Dal rutilante contest, in questi quasi due decenni, sono infatti emerse voci oramai celebri come Marco Mengoni, Noemi, Giusy Ferreri, Elodie, Mahmood e Francesca Michielin. Quasi tutti artisti che pur non avendo strappato il primo posto al podio del format (fatta eccezione per Mengoni e Michielin), lo hanno poi sfruttato egregiamente come vetrina di lancio per le loro carriere. Non ultimi gli oramai divi Måneskin, partiti in sordina come talentuoso gruppo rock romano formatosi in un garage di Monteverde e consolidatosi per le vie chiave della capitale. Arrivati secondi al talent show dietro al tenore Lorenzo Licitra e sotto la guida del mentore Manuel Agnelli, sono divenuti poi un vero e proprio fenomeno mondiale capace di bruciare le tappe. Dopo una fase dedicata alle carriere soliste lanciate precocemente nello scorso 2024, hanno ora annunciato un’attesa reunion musicale, che dovrebbe avvenire entro l’inizio del 2026.
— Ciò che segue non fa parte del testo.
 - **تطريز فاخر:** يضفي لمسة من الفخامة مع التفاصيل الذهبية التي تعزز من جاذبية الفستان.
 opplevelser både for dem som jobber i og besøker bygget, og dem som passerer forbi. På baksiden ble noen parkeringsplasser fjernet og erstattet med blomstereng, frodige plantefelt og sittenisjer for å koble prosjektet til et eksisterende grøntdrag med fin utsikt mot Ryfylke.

I giudici in cerca del fattore X
A cristallizzare il successo di questo programma, inizialmente ospitato da Rai2 (le prime quattro edizioni) poi passato nelle mani di Sky, è stato il format di conduzione-giuria. Traghettato da diversi conduttori (volto iconico del programma Alessandro Cattelan, al timone di X Factor per ben 10 anni, ndr) ha beneficiato dell’assetto vincente di una giuria che nel tempo, nonostante abbia subito molte evoluzioni, è stata anche capace di registrare una forte fidelizzazione grazie ad alcuni volti popolari della musica e della tv. La nota conduttrice Simona Ventura, la volitiva produttrice musicale Mara Maionchi, ma anche Emma, Arisa, Asia Argento, per una percentuale di presenza femminile in 19 anni altissima. A brillare anche star internazionali del calibro di Mika e Skin, magnifica voce e leader della band londinese Skunk Anansie.
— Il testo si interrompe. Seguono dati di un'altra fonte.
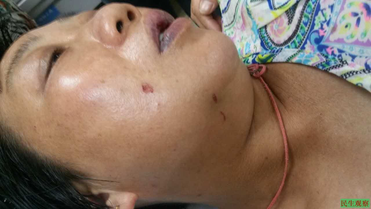 民生观察工作室2016/7/27消息:广东佛山市顺德区杏坛镇访民胡铭添一家3口人进京旅游,被不明身份人员打伤拉回原籍,现胡铭添下落不明,其妻被打伤住院。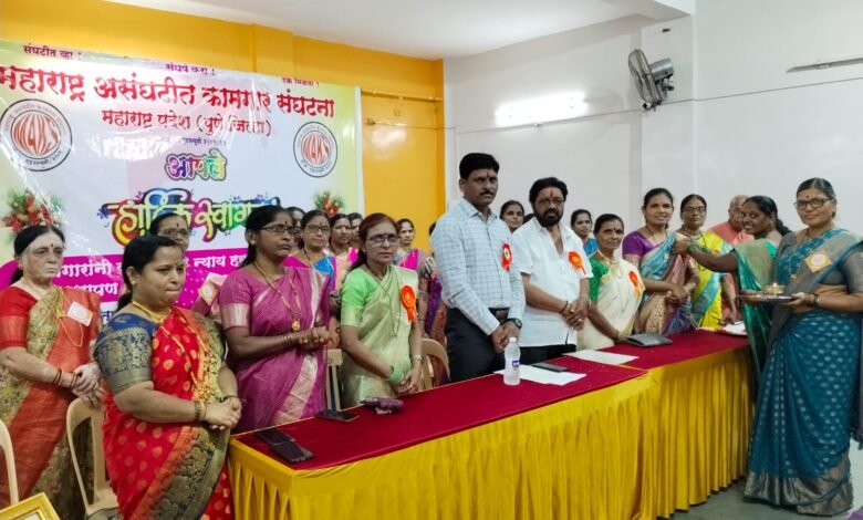 पुणे : महाराष्ट्र असंघटित कामगार संघटना, पुणे जिल्हा यांच्या वतीने जागतिक महिला दिनानिमित्त घरेलू महिला कामगार मेळाव्याचे आयोजन धनकवडी येथील राजमुद्रा संस्कृती भवन येथे सोमवार, दि. ९ मार्च २०२६ रोजी उत्साहात करण्यात आले. या मेळाव्यात मोठ्या संख्येने महिला कामगार सहभागी झाल्या.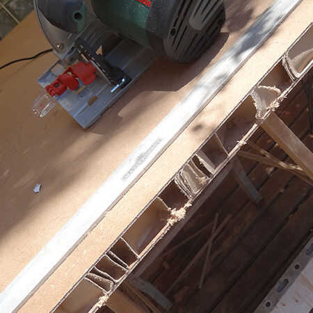 2. las puertas de núcleo hueco más baratas no tienen tanta madera de apoyo en la parte inferior, como sería una puerta más cara. Cuando se corte la parte inferior de la puerta se quedan con soportes de cartón. Pero para solucionar este problema sólo tiene una longitud de 32 x 32mm PAR de pino.

Con il loro caratteristico piglio in veste di giudici, questi personaggi si sono avvicendati sulle poltrone decisionali come selezionatori di talenti nella prima fase del programma, salvo poi misurarsi come allenatori e allo stesso tempo giudici sfidanti nelle fasi successive della trasmissione. Quelle dove lo show si fa più caldo, e in cui i concorrenti divisi in gruppi vengono poco alla volta eliminati dal pubblico fino ad arrivare ai finalisti e al definitivo vincitore.
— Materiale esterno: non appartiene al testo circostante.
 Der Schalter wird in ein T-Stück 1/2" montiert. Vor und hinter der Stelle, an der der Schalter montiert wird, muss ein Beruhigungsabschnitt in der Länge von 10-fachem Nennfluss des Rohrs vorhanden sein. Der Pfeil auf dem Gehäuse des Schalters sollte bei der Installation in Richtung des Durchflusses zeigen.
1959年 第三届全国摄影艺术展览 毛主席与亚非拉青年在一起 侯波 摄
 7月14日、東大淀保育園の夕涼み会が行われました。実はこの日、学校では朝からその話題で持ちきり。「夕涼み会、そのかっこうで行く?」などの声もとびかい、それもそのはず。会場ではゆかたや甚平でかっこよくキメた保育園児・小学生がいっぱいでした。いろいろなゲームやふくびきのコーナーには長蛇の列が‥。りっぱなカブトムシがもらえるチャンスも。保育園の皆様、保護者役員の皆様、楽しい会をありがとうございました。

Arrivederci Manuel Agnelli
Tra tanti giudici, però, a dare vera riconoscibilità al programma sono stati su tutti i volti del noto ed eclettico rapper Fedez, di Marco Castoldi in arte Morgan, ex frontman dei Bluvertigo, e – in primis – di Manuel Agnelli voce degli Afterhours. Anche a distanza di tempo il loro apporto al programma è ricordato dai fan e non solo. E non solo per le vittorie, anche se l’eccentrico Morgan, prima dell’abbandono del programma nel 2023 a causa di comportamenti giudicati “incompatibili e inappropriati”, aveva vinto con i suoi talent ben cinque edizioni su otto. Un primato conquistato con il suo piglio tagliente, il suo outfit gotico, i suoi acuti interventi musicali e la naturale tendenza a ricoprire il ruolo di coach di talenti seguendo le inclinazioni degli stessi ma costruendo per loro anche un percorso originale e identitario sul quale poi basarsi nel futuro. Orme professionali da seguire.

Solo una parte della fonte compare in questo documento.